The same process can be accomplished by using the executeTransaction() method. This method automatically handles begin/commit transaction methods.

realm.executeTransaction(new Realm.Transaction() {
   @Override
   public void execute(Realm realm) {
       Contact contact = realm.createObject(Contact.class);
       contact.setName("Contact's Name");
       contact.setEmail("Contact@hostname.com");
       contact.setAddress("Contact's Address");
       contact.setAge(20);
   }
});

It’s good practice with Android to handle all writes on a background thread to avoid blocking the UI thread, so Realm supports asynchronous transactions. In the previous executeTransaction() method, just add a Realm.Transaction.Callback() parameter to make the process asynchronous.

realm.executeTransaction(new Realm.Transaction() {
   @Override
   public void execute(Realm realm) {
       Contact contact = realm.createObject(Contact.class);
       contact.setName("Contact's Name");
       contact.setEmail("Contact@hostname.com");
       contact.setAddress("Contact's Address");
       contact.setAge(20);
   }
}, new Realm.Transaction.Callback() {
   @Override
   public void onSuccess() {
       //Contact saved
   }

   @Override
   public void onError(Exception e) {
       //Transaction is rolled-back
   }
});

Queries

Working with queries is also simple with Realm. You don’t need to build complex queries and handle database exceptions like SQLException or CursorIndexOutOfBoundsException, the two most likely exceptions in SQLite.

//Query to retrieve all Contacts
RealmQuery<Contact> query = realm.where(Contact.class);
// Add query conditions: age over 18
query.greaterThan("age", 18);
// Execute the query:
RealmResults<Contact> result = query.findAll();
//Contacts stored in result

Or if you want it to run asynchronously:

// Execute the query asynchronously:
RealmResults<Contact> result = query.findAllAsync();

Deleting data from Realm is easy.

realm.beginTransaction();
result.remove(0);
realm.commitTransaction();

Remember, Realm operations are handled inside transaction blocks.

For those developers who are attached to traditional database principles, Realm offers a way to assign the RealmObject fields with annotations, special field properties to make them more ‘database field like’.

  • @Required – Enforces checks to disallow null values
  • @Ignore – Field should not be persisted to disk
  • @Index – Add a search index to the field
  • @PrimaryKey – Uniquely identifies each record in the database.

Relationships between RealmObjects are treated like relationships between tables in SQL databases.

If you are developing with a JSON data format, Realm has integrated methods to store and retrieve JSON data.

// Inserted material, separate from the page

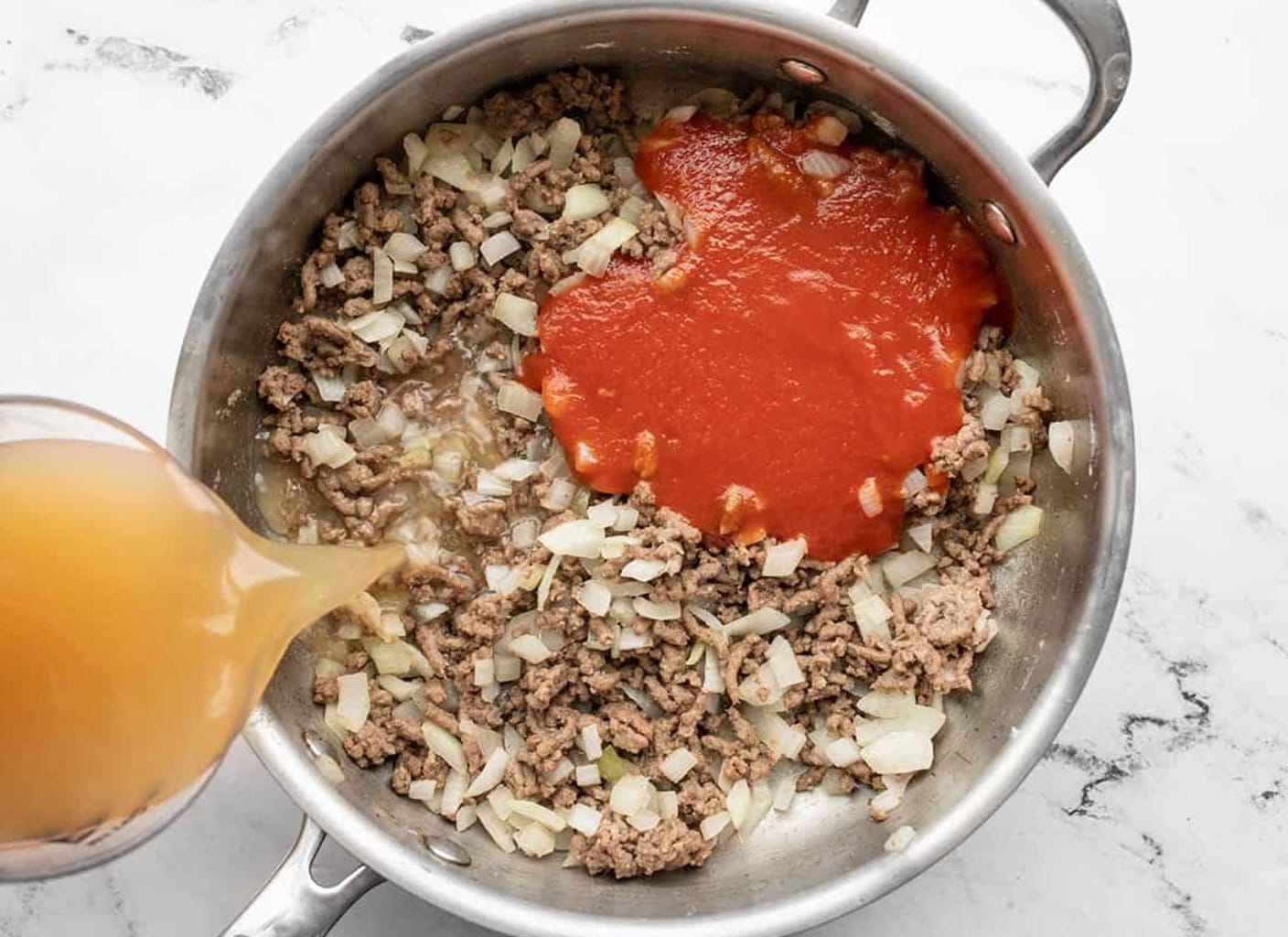 Pour in tomato sauce and beef broth. Stir to mix well.

Something extra from Realm

It’s possible to integrate Realm with other commonly used libraries for Android. Make your app development easier and check out the libraries Realm integrates with.

Conclusion

To store data in an Android application you typically have to know SQL, understand the concept of Primary-keys, Foreign-keys and how to build a query and manage table relations.

Realm simplifies this and I feel will be a milestone in mobile storage. What do you think?